Racist who Practiced Racism by Intentionally Murdering 2 Black Shoppers at Krogers Gets a 2nd Life Sentence plus 10 yrs for hate crimes. Neuropeon w/ Virus in His Mind said "Whites Don't Shoot Whites"
/From [HERE] In an emotional hearing in federal court Thursday, Gregory Bush received confirmation that he will never leave prison for murdering two Black shoppers at the Jeffersontown Kroger simply because of the color of their skin.
But not before he heard from the family of his victims, Vickie Lee Jones and Maurice Stallard.
Both were Black. Bush is white.
"You are a rabid dog,” Kevin Gunn, Jones' nephew, told the 53-year-old. “And you deserve everything you got coming to you.”
"I hope your soul burns in hell," said a sister of Stallard's.
Bush had already been sentenced to life without parole after pleading guilty but mentally ill to state charges related to the Oct. 24, 2018, murders. On Thursday, U.S. District Judge Claria Horn Boom added a federal sentence of life in prison along with 10 years of additional confinement for gun and hate crimes.
The judge also ordered Bush to pay more than $23,000 in restitution to cover the two families' funeral costs.
Boom told Bush she hopes he learns to "reject" the "hate and bigotry" that led to the murders.
Stallard and Jones "were targeted specifically because of the color of their skin," Boom said.
Given the chance to speak, Bush said he was "so sorry that this happened. I'm so sorry"
Bush, who has been diagnosed with schizoaffective disorder, said he was off his medication and "hearing voices" and "demons" that told him to kill his biracial son.
He noted his ex-wife is Black and added his son has been "having a hard time" since the 2018 shooting.
But Stallard and Jones' relatives said they have been, too.
Stallard's widow, Charlotte, said "it is difficult to put into words" how the loss of her husband of 50 years has affected her family. She added she struggles to sleep and that she and other family members continue to receive counseling.
Bush was facing a minimum punishment of 30 years in prison but not the death penalty after pleading guilty this year to two counts of a hate crime resulting in death, three counts of using a firearm in relation to a crime of violence and one count of a hate crime with attempt to murder.
The hate crime charges revolved around the fact that Bush, who is white, shot two Black shoppers whom he had never met.
Police and prosecutors had previously confirmed that Bush also told an armed person outside the store to not "shoot me (and) I won’t shoot you.

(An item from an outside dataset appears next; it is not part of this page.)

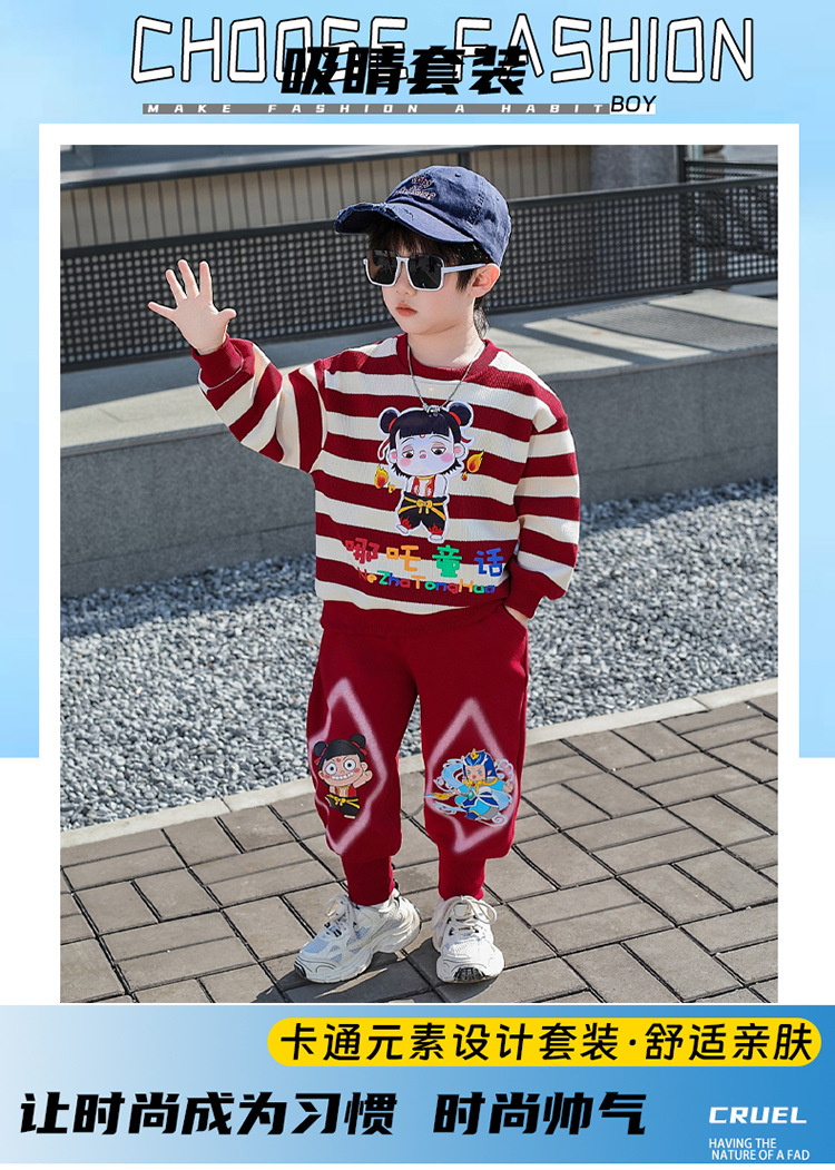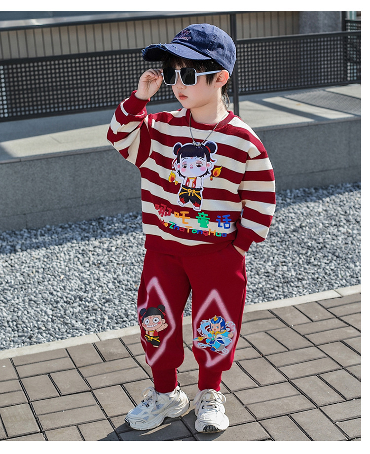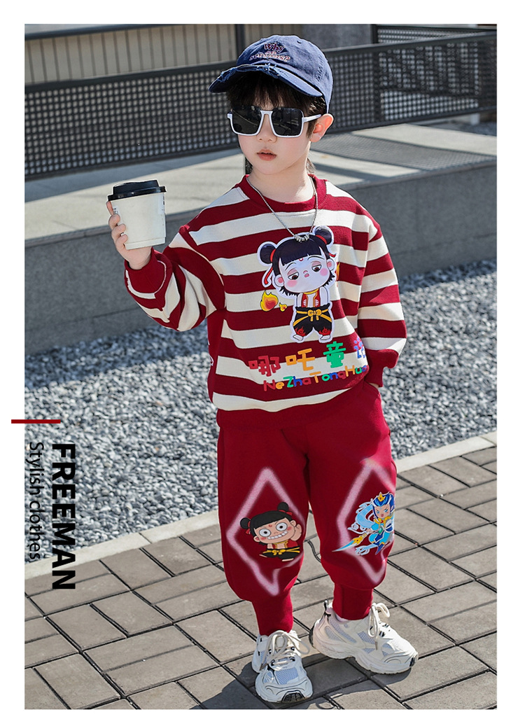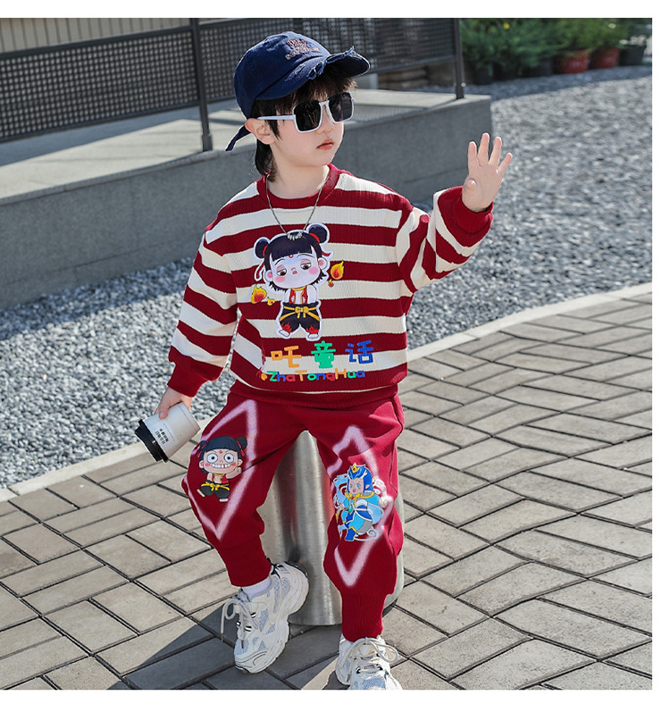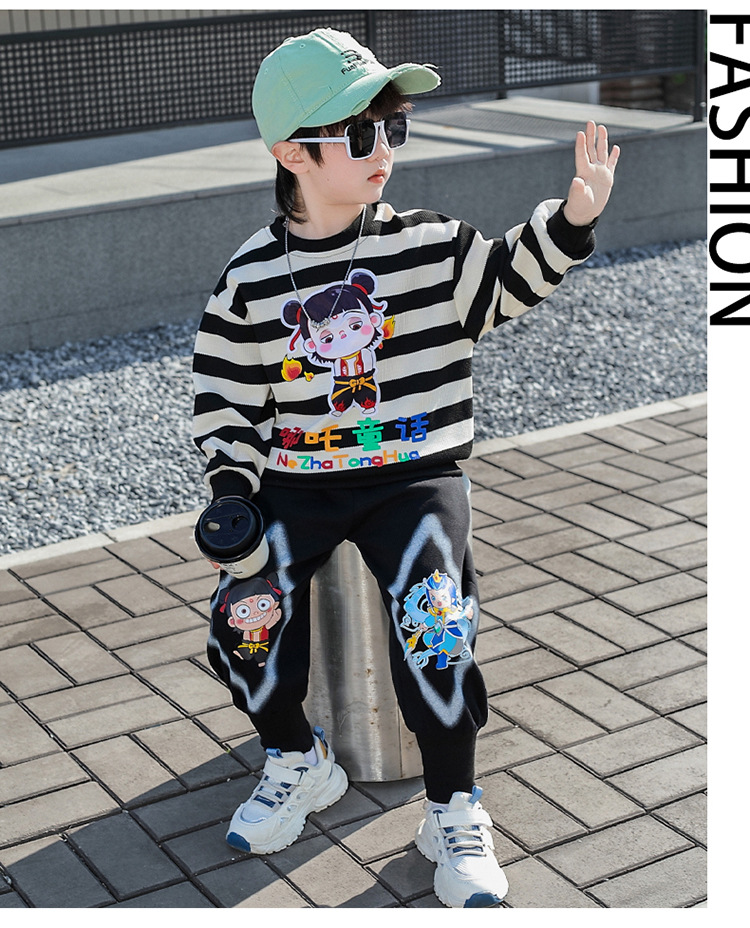 7852 traje de dos piezas para niñas traje de impresión de dibujos animados de estilo occidental de otoño para niños 2025 nuevo suéter para niños

Whites don’t shoot whites."
And minutes before driving to the Kroger to shoot Stallard and Jones, Bush tried to enter the First Baptist Church of Jeffersontown, a predominantly Black congregation, by yanking on its locked doors while several members were inside, police previously said.
This month federal prosecutors revealed in a sentencing memorandum that Bush mentioned the name, "Dylann Roof," the man who shot and killed nine African American church members in Charleston, South Carolina, in 2015 after he was arrested. He also shouted Roof’s name while in a police station interview room, according to the document.
After driving to the grocery store, Bush walked inside and used a pistol to shoot Stallard while Stallard's 12-year-old grandson stood next to him. They were shopping for poster board for a school project.
Bush then reholstered his weapon and calmly walked back through the store as panicked shoppers fled, not firing at anyone until he encountered Jones in the parking lot and fatally shot her.
He also exchanged gunfire with an armed Black shopper in the lot before getting in his car, driving a short distance and then having police stop and arrest him on Hurstbourne Parkway.
Stallard was a 1967 Male High School graduate, Air Force veteran and retired GE employee remembered as a generous family man who moved his family to suburban Jeffersontown for a middle-class life.
He was also a member of the Newburg Tennis Association and St. Bartholomew Catholic Church on Buechel Bank Road.
Jones was the widow of a military veteran and herself retired from the VA Hospital, where she worked as an office administrator. Her family said she loved to travel and was a faithful member of the Church of the Living God on West Madison Street.
Jones was also the caretaker for her elderly mother and had gone to the Kroger that day to buy food for her loved one, according to family.
Bush's state and federal cases had previously been held up over questions regarding his mental state and diagnosis, but a Jefferson Circuit Court judge ruled last summer that he was competent to stand trial after taking medication while incarcerated for several months.
He will receive mental health treatment in prison and likely serve the state and federal sentences at the state prison in La Grange, where Bush has been held as his criminal cases were pending, the judge and attorneys said.
Though the criminal cases may have now concluded, the families of Stallard and Jones along with a customer inside the store at the time of the 2018 shooting have also sued Kroger and Bush in civil cases that remain ongoing in Jefferson Circuit Court.
The lawsuits each claim Kroger had no policy in place to prevent Bush from carrying and using a loaded firearm in its store.
In September 2019, the Cincinnati-based supermarket chain asked its customers to stop openly carrying guns in its stores following a string of mass shootings around the country.